__WHAT IS EXPECTED__. What is needed is an exact copy of the entries below, with the pictures left out.

__RAW DATA__.
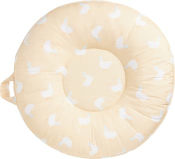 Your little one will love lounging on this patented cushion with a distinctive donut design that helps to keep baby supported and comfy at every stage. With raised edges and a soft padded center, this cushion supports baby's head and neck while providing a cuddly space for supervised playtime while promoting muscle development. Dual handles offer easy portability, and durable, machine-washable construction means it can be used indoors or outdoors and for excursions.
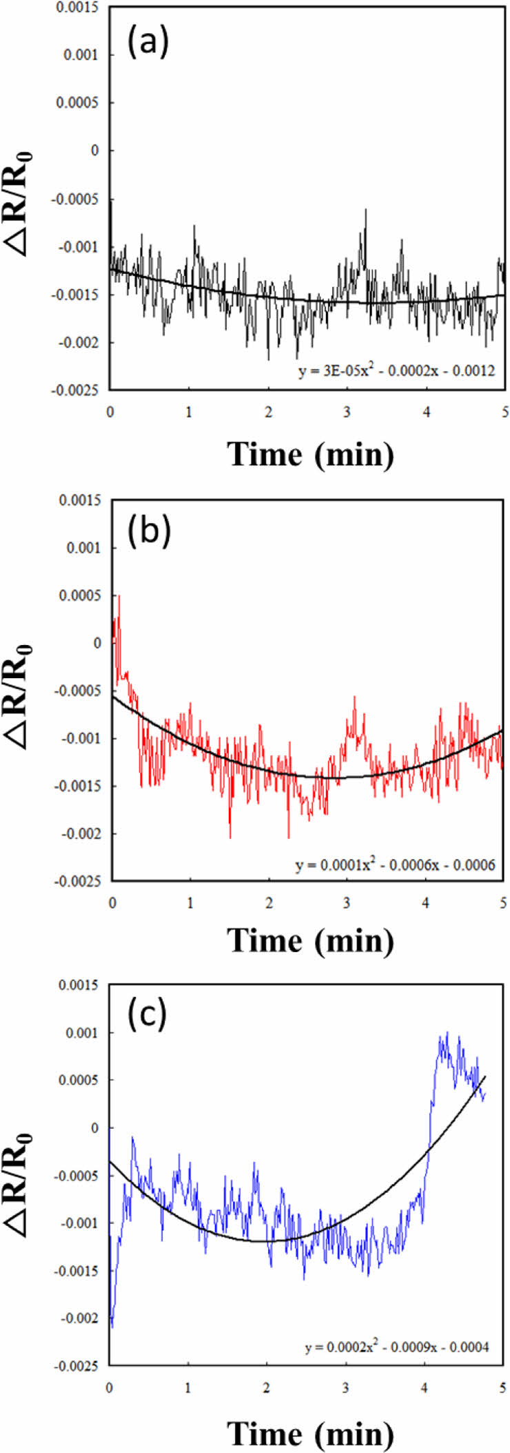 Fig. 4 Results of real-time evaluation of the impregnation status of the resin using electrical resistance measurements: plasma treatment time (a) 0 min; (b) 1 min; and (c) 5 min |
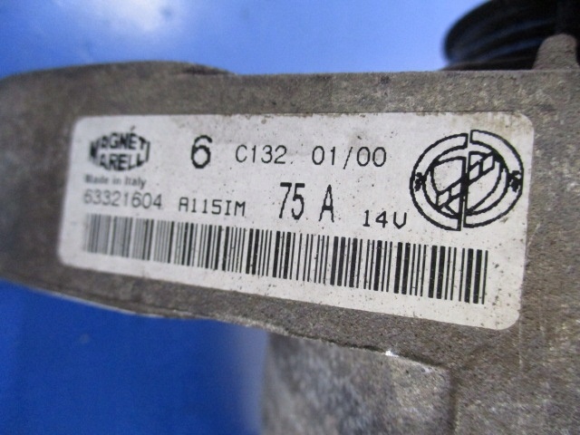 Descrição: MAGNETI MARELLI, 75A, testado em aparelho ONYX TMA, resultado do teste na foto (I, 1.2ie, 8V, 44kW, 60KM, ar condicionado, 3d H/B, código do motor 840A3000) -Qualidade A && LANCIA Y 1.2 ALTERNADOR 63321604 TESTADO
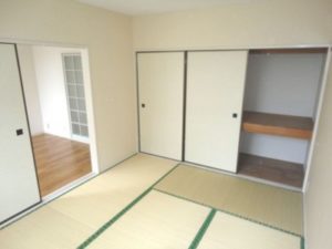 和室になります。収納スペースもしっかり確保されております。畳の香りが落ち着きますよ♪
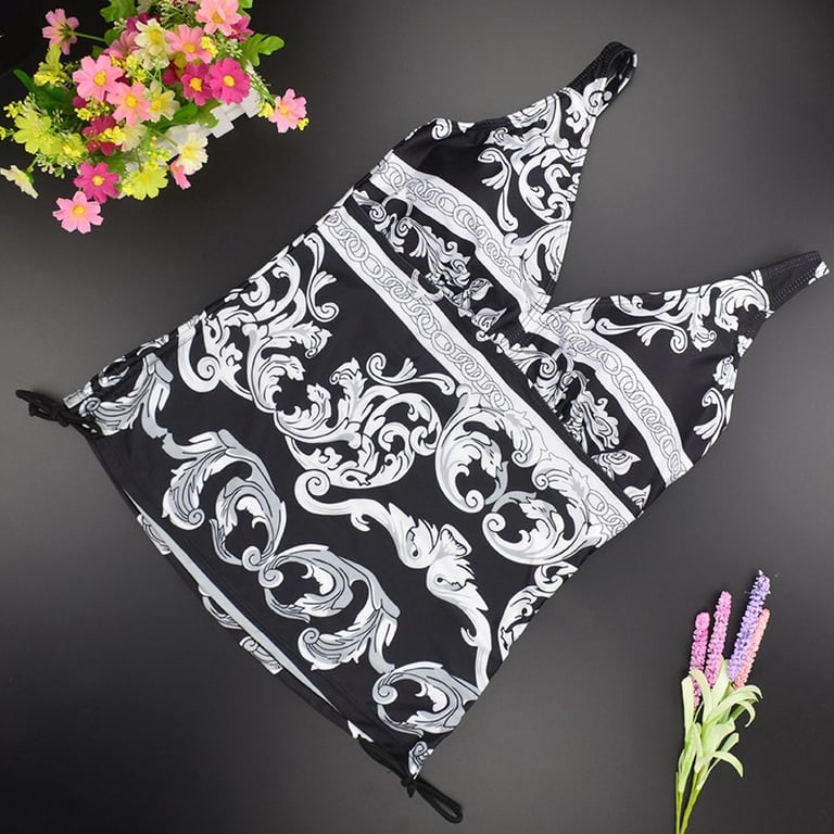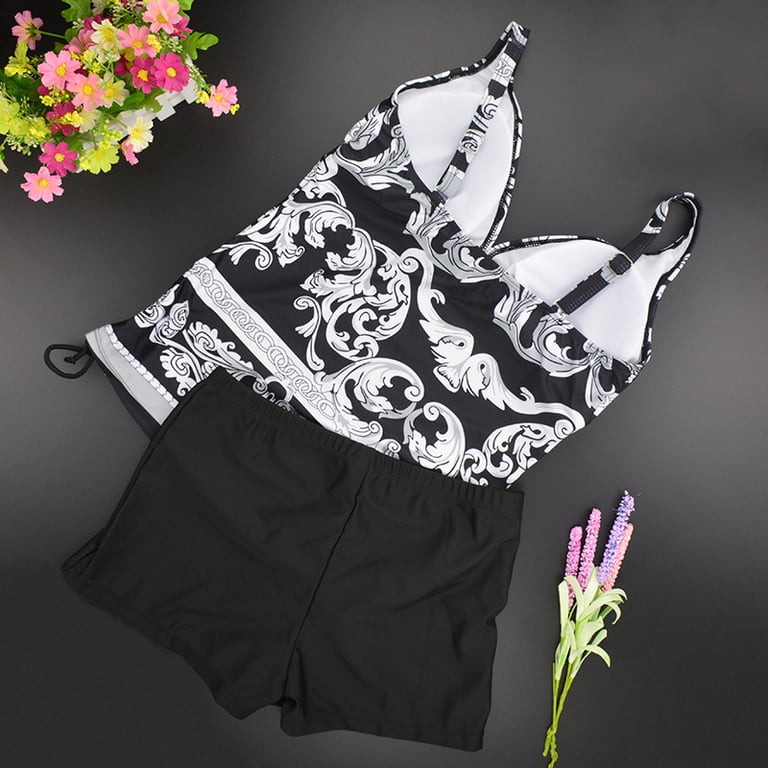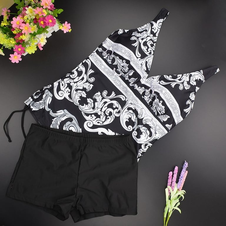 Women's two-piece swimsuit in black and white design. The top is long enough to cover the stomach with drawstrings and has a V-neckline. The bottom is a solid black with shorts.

__OUTPUT__.
 Your little one will love lounging on this patented cushion with a distinctive donut design that helps to keep baby supported and comfy at every stage. With raised edges and a soft padded center, this cushion supports baby's head and neck while providing a cuddly space for supervised playtime while promoting muscle development. Dual handles offer easy portability, and durable, machine-washable construction means it can be used indoors or outdoors and for excursions.
 Fig. 4 Results of real-time evaluation of the impregnation status of the resin using electrical resistance measurements: plasma treatment time (a) 0 min; (b) 1 min; and (c) 5 min |
 Descrição: MAGNETI MARELLI, 75A, testado em aparelho ONYX TMA, resultado do teste na foto (I, 1.2ie, 8V, 44kW, 60KM, ar condicionado, 3d H/B, código do motor 840A3000) -Qualidade A && LANCIA Y 1.2 ALTERNADOR 63321604 TESTADO
 和室になります。収納スペースもしっかり確保されております。畳の香りが落ち着きますよ♪
 Women's two-piece swimsuit in black and white design. The top is long enough to cover the stomach with drawstrings and has a V-neckline. The bottom is a solid black with shorts.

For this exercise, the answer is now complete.